На заседании кабинета министров в ноябре 1845 года Пиль предложил две меры, которые могли бы помочь облегчить голод в Ирландии и успокоить гнев Англии. Он предложил приостановить действие Хлебных законов в их нынешнем виде, чтобы уменьшить хроническую нехватку продовольствия в регионе Ирландского моря. Кроме того, он предложил парламенту рассмотреть Хлебные законы в целом с целью их дальнейшей отмены. Первая мера была полностью одобрена, хотя многие министры сочли ее запоздалой. Вторая мера спровоцировала ожесточенные гневные дебаты, в результате которых Пиль подал в отставку. Ушел он ненадолго. Его противник виг Джон Рассел не так давно поклялся отменить Хлебные законы, поэтому он, естественно, принял должность, врученную ему королевой. Ему потребовалось около двух недель, чтобы понять: без авторитета Пиля он не сможет действовать. Он обнаружил, что не может даже полностью контролировать предложенный ему кабинет, когда Палмерстон отказался занимать какую-либо должность, кроме должности министра иностранных дел. Итак, Пиль вернулся на поле боя. Газеты почувствовали, что наступает решающий момент.

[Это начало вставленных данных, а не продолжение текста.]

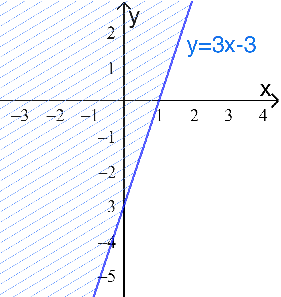 Bước 1: Vẽ đường thẳng \(d: 3x – y = 3 \Leftrightarrow y = 3x – 3\) đi qua A(0;-3) và B(1;0)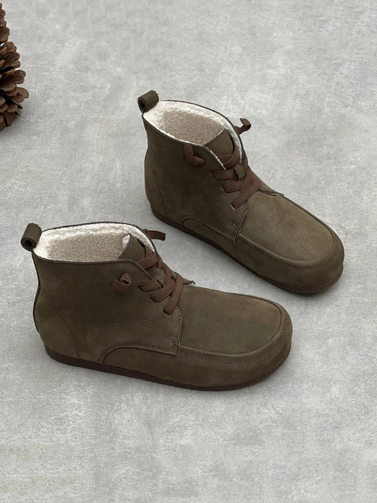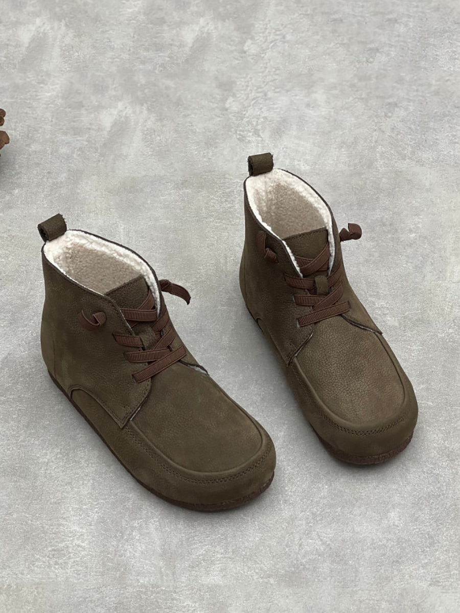 حذاء نسائي شتوي من الجلد الطبيعي مبطن بالصوف
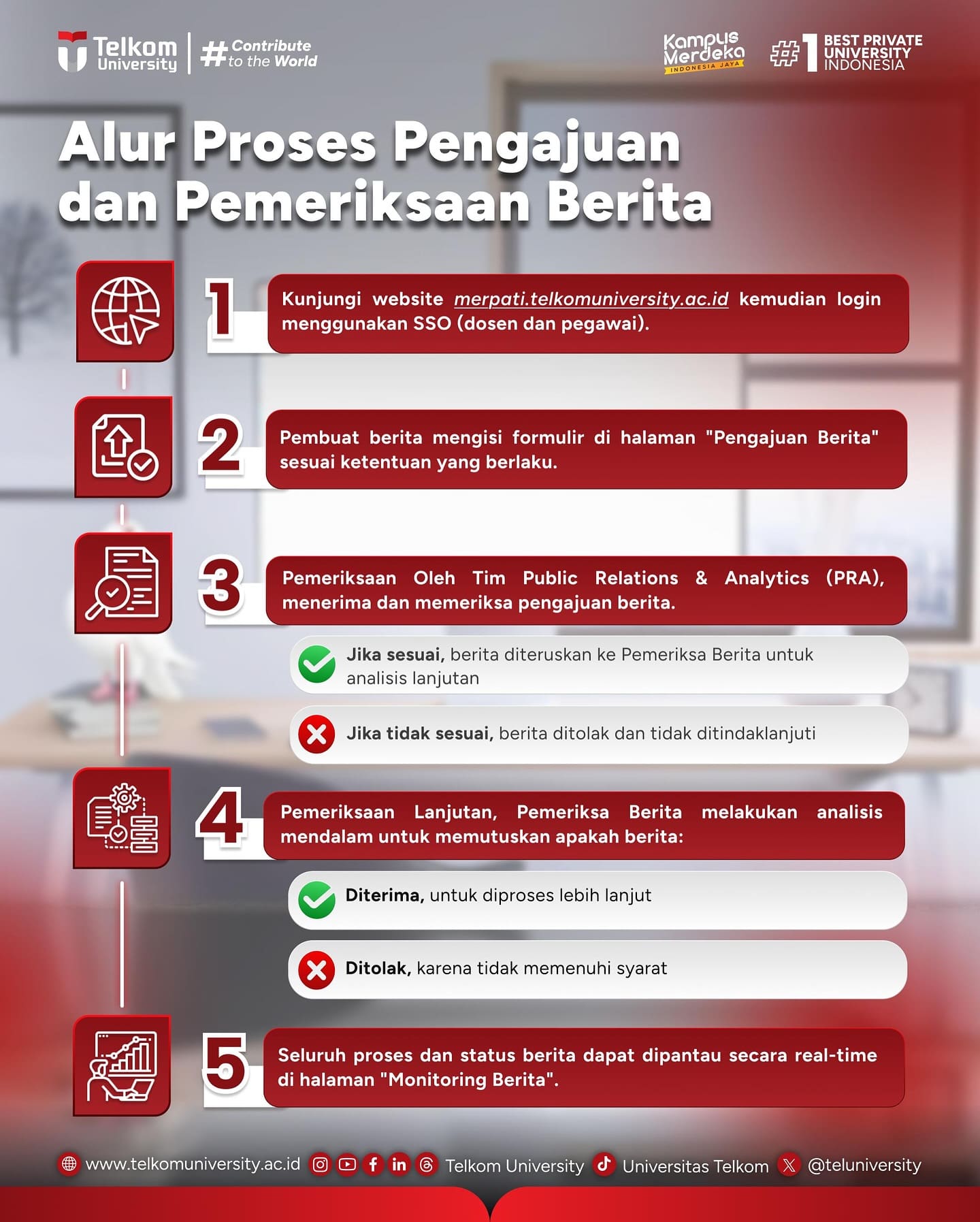 Telkom University meluncurkan aplikasi Merpati (Media Rilis Pemberitaan Terintegrasi). Aplikasi ini merupakan platform internal yang dikembangkan khusus untuk mendukung pengelolaan publikasi berita di lingkungan Telkom University. Aplikasi ini memfasilitasi proses pengajuan, persetujuan, hingga pemantauan publikasi berita melalui sistem yang terintegrasi. Pengguna dapat dengan mudah mengajukan berita, memantau status pengajuan secara real-time, serta melihat hasil publikasi melalui dashboard yang informatif. Tujuan utama aplikasi ini adalah meningkatkan efisiensi komunikasi media dan memastikan bahwa setiap informasi strategis tersampaikan secara tepat waktu, terdokumentasi dengan baik, dan dapat dipertanggungjawabkan. Aplikasi ini dikembangkan oleh Unit Public Relations & Analytics yang berada dibawah Direktorat Sekretariat dan Perencanaan Strategis, serta dikembangkan juga oleh Direktorat Pusat Teknologi dan Informasi.

На очередном заседании парламента в январе 1846 года Пиль выступил с речью, в которой объявил о своем намерении поддерживать дело свободной торговли и отмены Хлебных законов. «Из уважения к истине и к прогрессу разума я не стану отрицать, что мои взгляды на протекционизм претерпели изменения». Сидящие на скамьях позади него безмолвствовали. Дебаты продолжались до мая, когда решение было принято в третьем чтении с большинством в 98 голосов. Стоит заметить, что 222 тори при этом проголосовали против предложенных Пилем мер. Он выиграл голосование, но где-то по пути потерял свою партию. В парламенте появились фракции пилитов и антипилитов, причем более многочисленное стадо пасли Дизраэли и Бентинк. Недовольные тори отомстили на следующий день, проголосовав против предложенного Пилем Билля о защите жизни (Ирландии) — меры, которую при обычных обстоятельствах они бы поддержали. Обстоятельства были необычными. Дизраэли уже окунул перо в самые темные чернила, когда в опубликованном годом ранее романе «Сибилла» написал, что в стране существуют две нации — все и так понимали, о чем идет речь, но он вывел это заглавными буквами — БОГАТЫЕ И БЕДНЫЕ. Однако на трюизме можно построить роман, но не правительственную программу.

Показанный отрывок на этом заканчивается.